No clearer case is imaginable to demonstrate the way in which powerful people and powerful interests prey upon the innocent and turn them into political tools to realize the former’s ambitions for wealth and power. Because these innocents are naive, or frightened – or, most harrowing of all, genuinely patriotic – such predators are cynically able to turn their very bodies into industrial war machine resources, no different than steel or silicon. Attach Part A (weapon) to Part B (weapon operating tool, a.k.a. human being). Deploy on battlefield.
Sadly, ‘twas ever thus. Not for nothing did Europeans come to call war, “the sport of kings”.
Of course, that could never happen here. Not now. Surely our young (and, in this war, not so young) soldiers are never called upon to fight in the interests of elites, interests so nefarious that they would have to be hidden under stacks of lies concerning national security threats, and behind a barrage of patriotic platitudes. Surely America’s bravest are never treated as expendable cannon fodder by leaders who could care less about their welfare.

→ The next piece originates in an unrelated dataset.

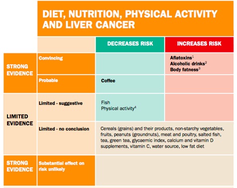 – Uống cà phê có thể làm giảm nguy cơ ung thư gan (nghiên cứu thuần tập-7, nghiên cứu bệnh chứng-4, nghiên cứu phân tích dữ liệu liều lượng-kết quả ở nam-3, ở nữ-3, chưa có bằng chứng xác thực về cơ chế hoạt động hay loại chất nào trong cà phê có tác dụng chống ung thư);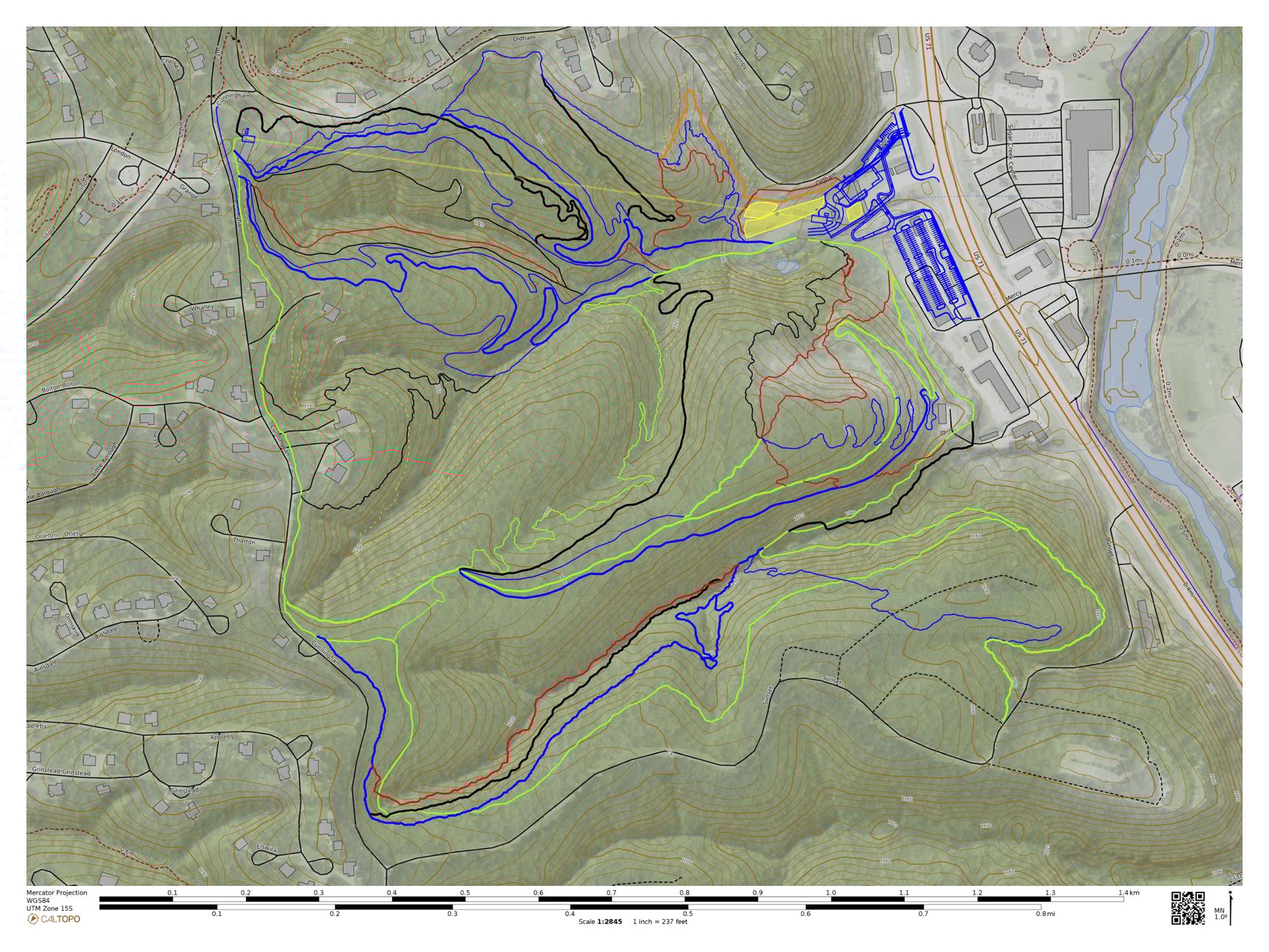 The lift + terrain: The hillside contains about 300 feet of vertical with a ~2,500-foot-long lift. Trails will be progression-based and signed like ski runs (green/blue/black/double black) with a ‘downhill’ focus.

Surely they’re not trotted off the war like so many Iranian children, clutching a plastic key to heaven in one hand, and a fairytale of how much they’re truly valued in the other.
More surely, that was a lot more believable even a week ago than it is today.
For even if you had miraculously somehow managed to hang on to the myth of the Iraq war as a just and necessary invasion for purposes of American national security, that fantasy must surely have been burst with the revelations of the Walter Reed scandal.